Stored records:
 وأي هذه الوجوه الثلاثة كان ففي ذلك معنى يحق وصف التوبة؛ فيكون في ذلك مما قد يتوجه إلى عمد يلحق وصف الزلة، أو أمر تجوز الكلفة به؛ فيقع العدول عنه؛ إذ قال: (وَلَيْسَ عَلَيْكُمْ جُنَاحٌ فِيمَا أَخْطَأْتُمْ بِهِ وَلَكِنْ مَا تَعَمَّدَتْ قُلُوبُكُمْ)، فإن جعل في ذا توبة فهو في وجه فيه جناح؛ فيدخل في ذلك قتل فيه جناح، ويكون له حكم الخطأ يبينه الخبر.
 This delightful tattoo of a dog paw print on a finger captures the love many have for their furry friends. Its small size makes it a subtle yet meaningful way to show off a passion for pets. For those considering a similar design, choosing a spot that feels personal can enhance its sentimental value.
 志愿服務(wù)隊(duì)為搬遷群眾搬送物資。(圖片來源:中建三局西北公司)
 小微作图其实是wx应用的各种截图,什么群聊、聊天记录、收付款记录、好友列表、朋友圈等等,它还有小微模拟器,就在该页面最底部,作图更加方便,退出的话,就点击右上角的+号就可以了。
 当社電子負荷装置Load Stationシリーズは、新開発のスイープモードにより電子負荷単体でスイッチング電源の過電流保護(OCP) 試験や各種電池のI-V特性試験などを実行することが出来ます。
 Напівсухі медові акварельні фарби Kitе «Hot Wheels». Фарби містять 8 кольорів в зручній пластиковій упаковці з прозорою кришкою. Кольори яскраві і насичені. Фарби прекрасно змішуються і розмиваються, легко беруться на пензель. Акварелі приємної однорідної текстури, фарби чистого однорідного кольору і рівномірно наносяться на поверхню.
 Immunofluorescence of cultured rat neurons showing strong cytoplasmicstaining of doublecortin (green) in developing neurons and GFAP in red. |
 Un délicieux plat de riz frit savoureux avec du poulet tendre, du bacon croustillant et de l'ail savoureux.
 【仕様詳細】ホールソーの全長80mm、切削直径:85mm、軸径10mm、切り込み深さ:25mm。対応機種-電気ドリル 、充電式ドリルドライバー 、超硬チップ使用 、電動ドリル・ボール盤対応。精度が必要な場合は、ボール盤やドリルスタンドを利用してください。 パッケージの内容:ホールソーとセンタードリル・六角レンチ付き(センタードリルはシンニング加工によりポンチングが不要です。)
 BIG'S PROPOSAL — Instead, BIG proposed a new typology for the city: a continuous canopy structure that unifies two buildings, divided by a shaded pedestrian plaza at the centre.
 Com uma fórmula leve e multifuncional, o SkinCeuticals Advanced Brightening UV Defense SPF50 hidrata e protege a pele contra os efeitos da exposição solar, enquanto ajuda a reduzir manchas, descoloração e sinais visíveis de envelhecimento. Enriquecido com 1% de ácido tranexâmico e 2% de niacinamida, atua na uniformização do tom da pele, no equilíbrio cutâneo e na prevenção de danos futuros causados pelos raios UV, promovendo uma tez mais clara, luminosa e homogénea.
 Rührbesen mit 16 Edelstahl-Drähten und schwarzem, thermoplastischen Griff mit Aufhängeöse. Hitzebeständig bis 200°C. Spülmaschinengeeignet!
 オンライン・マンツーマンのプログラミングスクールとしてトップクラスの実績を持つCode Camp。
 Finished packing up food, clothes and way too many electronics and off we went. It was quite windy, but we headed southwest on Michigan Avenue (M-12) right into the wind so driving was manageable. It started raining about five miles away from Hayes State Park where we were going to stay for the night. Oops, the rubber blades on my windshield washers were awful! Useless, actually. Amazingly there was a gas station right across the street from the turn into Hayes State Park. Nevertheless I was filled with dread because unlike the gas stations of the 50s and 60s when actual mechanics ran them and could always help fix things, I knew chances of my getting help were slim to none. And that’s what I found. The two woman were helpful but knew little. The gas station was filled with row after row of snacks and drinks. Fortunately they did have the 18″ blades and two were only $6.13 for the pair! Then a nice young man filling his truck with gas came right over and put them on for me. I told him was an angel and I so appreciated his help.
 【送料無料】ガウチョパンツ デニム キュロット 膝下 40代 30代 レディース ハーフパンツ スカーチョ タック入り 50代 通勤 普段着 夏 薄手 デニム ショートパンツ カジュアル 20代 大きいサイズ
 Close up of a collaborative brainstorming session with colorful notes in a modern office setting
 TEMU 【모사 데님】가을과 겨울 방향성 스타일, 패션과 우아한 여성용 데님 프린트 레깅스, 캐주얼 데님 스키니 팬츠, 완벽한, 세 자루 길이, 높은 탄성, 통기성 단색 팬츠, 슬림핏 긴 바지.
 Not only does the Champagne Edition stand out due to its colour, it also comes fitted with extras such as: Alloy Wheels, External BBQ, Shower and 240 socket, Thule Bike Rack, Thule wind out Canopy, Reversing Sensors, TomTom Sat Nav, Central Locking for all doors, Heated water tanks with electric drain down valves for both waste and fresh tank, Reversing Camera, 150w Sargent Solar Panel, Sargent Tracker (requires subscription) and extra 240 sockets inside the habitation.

#### WHAT YOU HAVE TO DO
Please output the line that contains "カジュアル 20代 大きいサイズ" and every line after it in the entries above, exactly, and nothing more.

#### EXERCISE ANSWER
 【送料無料】ガウチョパンツ デニム キュロット 膝下 40代 30代 レディース ハーフパンツ スカーチョ タック入り 50代 通勤 普段着 夏 薄手 デニム ショートパンツ カジュアル 20代 大きいサイズ
 Close up of a collaborative brainstorming session with colorful notes in a modern office setting
 TEMU 【모사 데님】가을과 겨울 방향성 스타일, 패션과 우아한 여성용 데님 프린트 레깅스, 캐주얼 데님 스키니 팬츠, 완벽한, 세 자루 길이, 높은 탄성, 통기성 단색 팬츠, 슬림핏 긴 바지.
 Not only does the Champagne Edition stand out due to its colour, it also comes fitted with extras such as: Alloy Wheels, External BBQ, Shower and 240 socket, Thule Bike Rack, Thule wind out Canopy, Reversing Sensors, TomTom Sat Nav, Central Locking for all doors, Heated water tanks with electric drain down valves for both waste and fresh tank, Reversing Camera, 150w Sargent Solar Panel, Sargent Tracker (requires subscription) and extra 240 sockets inside the habitation.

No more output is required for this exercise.